_What this task involves_: From the entries below, return only the lines starting at the one that contains "- Общая площадь 37.2 м2" and ending at the one that contains "Римская штора производителя", exactly as they stand.

_Record extracts_:
____

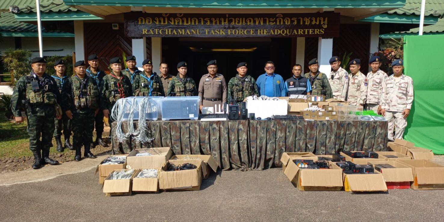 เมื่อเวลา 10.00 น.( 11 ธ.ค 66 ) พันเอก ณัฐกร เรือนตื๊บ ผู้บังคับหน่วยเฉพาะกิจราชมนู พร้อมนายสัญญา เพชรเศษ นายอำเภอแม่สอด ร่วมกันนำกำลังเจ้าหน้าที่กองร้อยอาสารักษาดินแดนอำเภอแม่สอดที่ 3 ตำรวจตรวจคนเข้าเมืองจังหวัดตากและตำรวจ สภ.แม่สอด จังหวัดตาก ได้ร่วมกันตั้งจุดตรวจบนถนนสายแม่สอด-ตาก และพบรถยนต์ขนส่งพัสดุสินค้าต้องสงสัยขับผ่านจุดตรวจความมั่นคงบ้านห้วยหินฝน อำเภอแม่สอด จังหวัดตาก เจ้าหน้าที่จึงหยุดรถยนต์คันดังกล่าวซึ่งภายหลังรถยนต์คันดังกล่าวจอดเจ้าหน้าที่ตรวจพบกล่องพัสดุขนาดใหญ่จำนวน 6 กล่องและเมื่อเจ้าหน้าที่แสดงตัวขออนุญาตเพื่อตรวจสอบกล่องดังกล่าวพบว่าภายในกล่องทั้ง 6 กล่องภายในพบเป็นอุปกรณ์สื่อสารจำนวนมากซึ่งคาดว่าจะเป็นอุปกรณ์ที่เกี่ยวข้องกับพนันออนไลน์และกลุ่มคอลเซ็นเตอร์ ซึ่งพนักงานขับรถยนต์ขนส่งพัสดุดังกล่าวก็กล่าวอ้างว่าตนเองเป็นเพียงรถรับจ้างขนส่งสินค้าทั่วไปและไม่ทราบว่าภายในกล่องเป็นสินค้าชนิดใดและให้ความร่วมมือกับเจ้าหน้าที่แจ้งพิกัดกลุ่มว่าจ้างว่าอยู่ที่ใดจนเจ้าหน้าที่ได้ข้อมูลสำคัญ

____

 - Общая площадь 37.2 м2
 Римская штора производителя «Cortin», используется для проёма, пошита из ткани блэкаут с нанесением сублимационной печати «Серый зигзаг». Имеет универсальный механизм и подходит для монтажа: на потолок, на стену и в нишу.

____

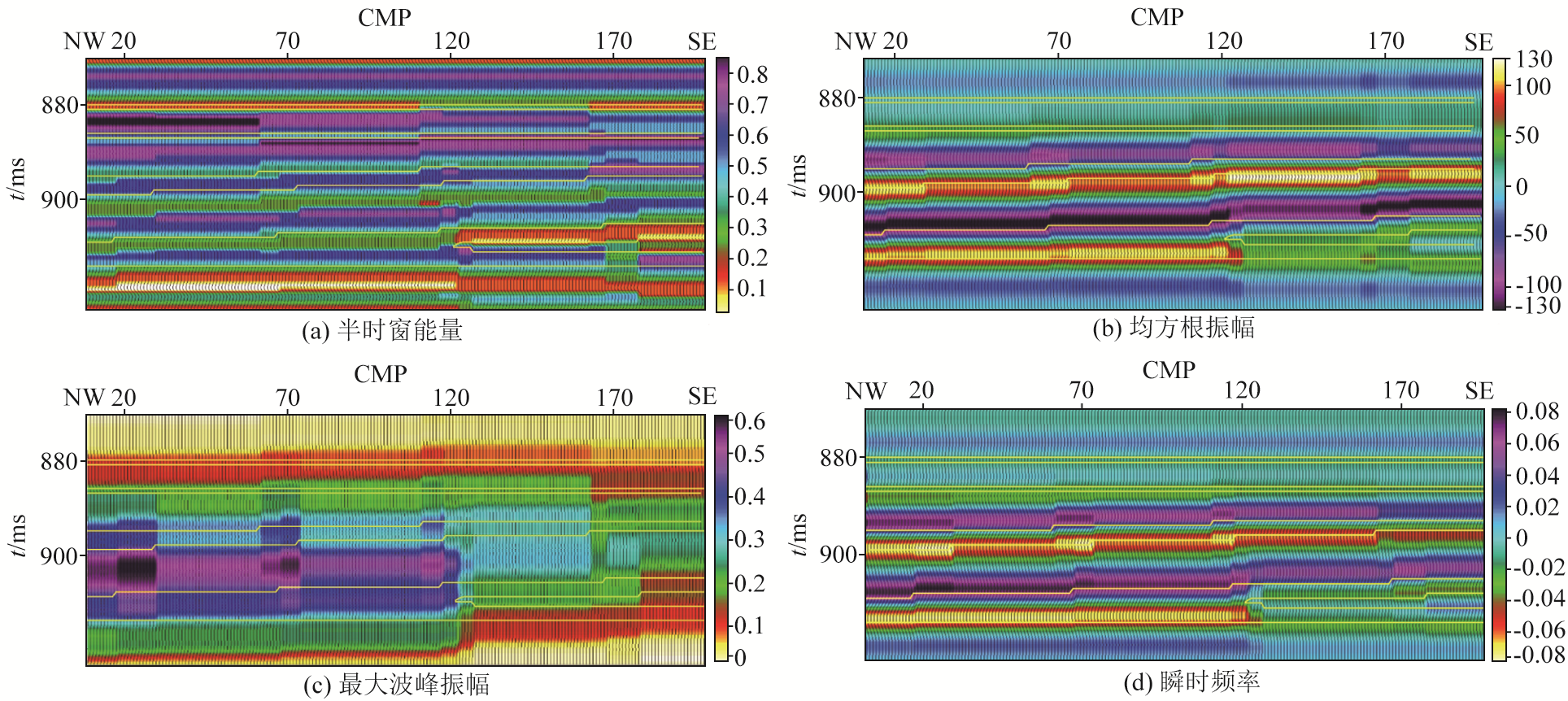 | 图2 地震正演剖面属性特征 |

____

_Output for this exercise_:
 - Общая площадь 37.2 м2
 Римская штора производителя «Cortin», используется для проёма, пошита из ткани блэкаут с нанесением сублимационной печати «Серый зигзаг». Имеет универсальный механизм и подходит для монтажа: на потолок, на стену и в нишу.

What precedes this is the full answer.